• _MATERIAL FOR THIS TASK_
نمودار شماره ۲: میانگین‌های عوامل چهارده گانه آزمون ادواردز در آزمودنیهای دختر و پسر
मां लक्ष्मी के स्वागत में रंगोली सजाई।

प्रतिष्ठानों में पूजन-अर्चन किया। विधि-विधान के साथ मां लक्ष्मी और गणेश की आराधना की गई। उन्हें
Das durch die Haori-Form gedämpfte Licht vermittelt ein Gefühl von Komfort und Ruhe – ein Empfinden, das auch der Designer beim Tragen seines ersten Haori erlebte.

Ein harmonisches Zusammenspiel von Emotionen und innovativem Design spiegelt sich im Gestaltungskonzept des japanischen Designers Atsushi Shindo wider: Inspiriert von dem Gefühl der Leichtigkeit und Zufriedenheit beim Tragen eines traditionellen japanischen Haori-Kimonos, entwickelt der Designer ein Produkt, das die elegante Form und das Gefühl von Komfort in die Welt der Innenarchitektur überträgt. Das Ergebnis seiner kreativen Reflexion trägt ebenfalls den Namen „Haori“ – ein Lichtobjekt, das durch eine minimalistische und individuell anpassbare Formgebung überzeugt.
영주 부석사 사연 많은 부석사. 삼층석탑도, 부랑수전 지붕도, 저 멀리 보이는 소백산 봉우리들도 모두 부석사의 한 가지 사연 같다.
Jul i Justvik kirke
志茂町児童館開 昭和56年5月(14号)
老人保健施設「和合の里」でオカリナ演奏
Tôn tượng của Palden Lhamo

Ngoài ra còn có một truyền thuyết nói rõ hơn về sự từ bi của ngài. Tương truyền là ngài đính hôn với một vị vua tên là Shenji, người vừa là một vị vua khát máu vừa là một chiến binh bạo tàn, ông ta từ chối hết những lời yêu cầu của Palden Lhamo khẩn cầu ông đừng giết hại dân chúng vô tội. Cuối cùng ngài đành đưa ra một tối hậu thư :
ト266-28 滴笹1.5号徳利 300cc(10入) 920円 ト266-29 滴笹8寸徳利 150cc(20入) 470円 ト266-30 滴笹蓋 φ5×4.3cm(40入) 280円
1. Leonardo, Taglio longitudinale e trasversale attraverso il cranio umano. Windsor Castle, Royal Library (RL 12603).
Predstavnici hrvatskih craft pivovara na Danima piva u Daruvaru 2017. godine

--

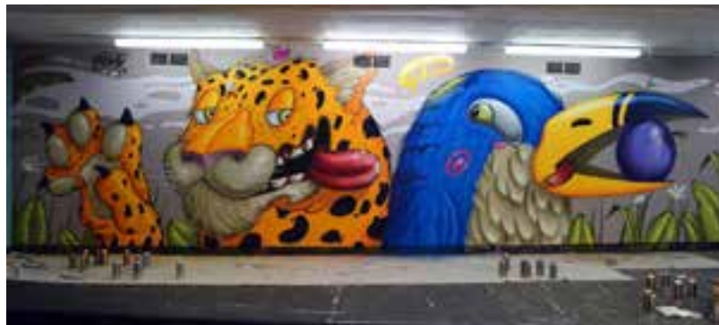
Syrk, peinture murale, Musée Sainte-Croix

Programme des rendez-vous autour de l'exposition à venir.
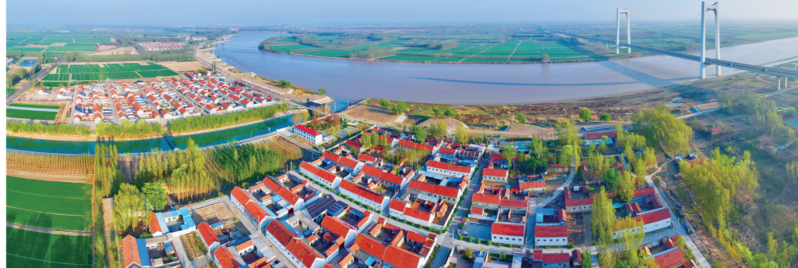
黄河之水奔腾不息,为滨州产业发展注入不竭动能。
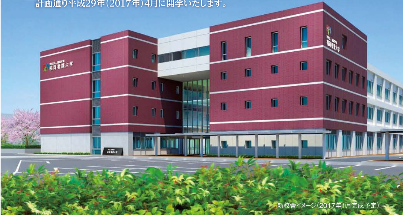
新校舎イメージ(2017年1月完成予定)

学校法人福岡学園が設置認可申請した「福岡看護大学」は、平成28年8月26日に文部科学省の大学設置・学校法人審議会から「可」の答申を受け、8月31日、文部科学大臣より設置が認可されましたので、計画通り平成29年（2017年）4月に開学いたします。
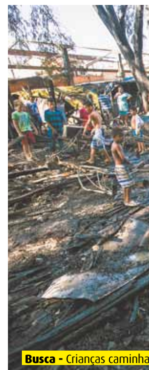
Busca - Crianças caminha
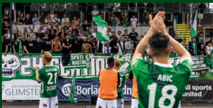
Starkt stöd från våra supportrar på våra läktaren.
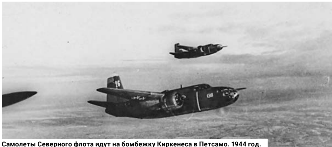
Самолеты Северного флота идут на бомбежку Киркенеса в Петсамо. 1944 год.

• _WORK TO COMPLETE_
Look above for the line with "نمودار شماره ۲: میانگین‌های" and the line with "प्रतिष्ठानों में पूजन-अर्चन", and reproduce exactly those two lines plus every line between, nothing more.

• _RESPONSE TO THE EXERCISE_
نمودار شماره ۲: میانگین‌های عوامل چهارده گانه آزمون ادواردز در آزمودنیهای دختر و پسر
मां लक्ष्मी के स्वागत में रंगोली सजाई।

प्रतिष्ठानों में पूजन-अर्चन किया। विधि-विधान के साथ मां लक्ष्मी और गणेश की आराधना की गई। उन्हें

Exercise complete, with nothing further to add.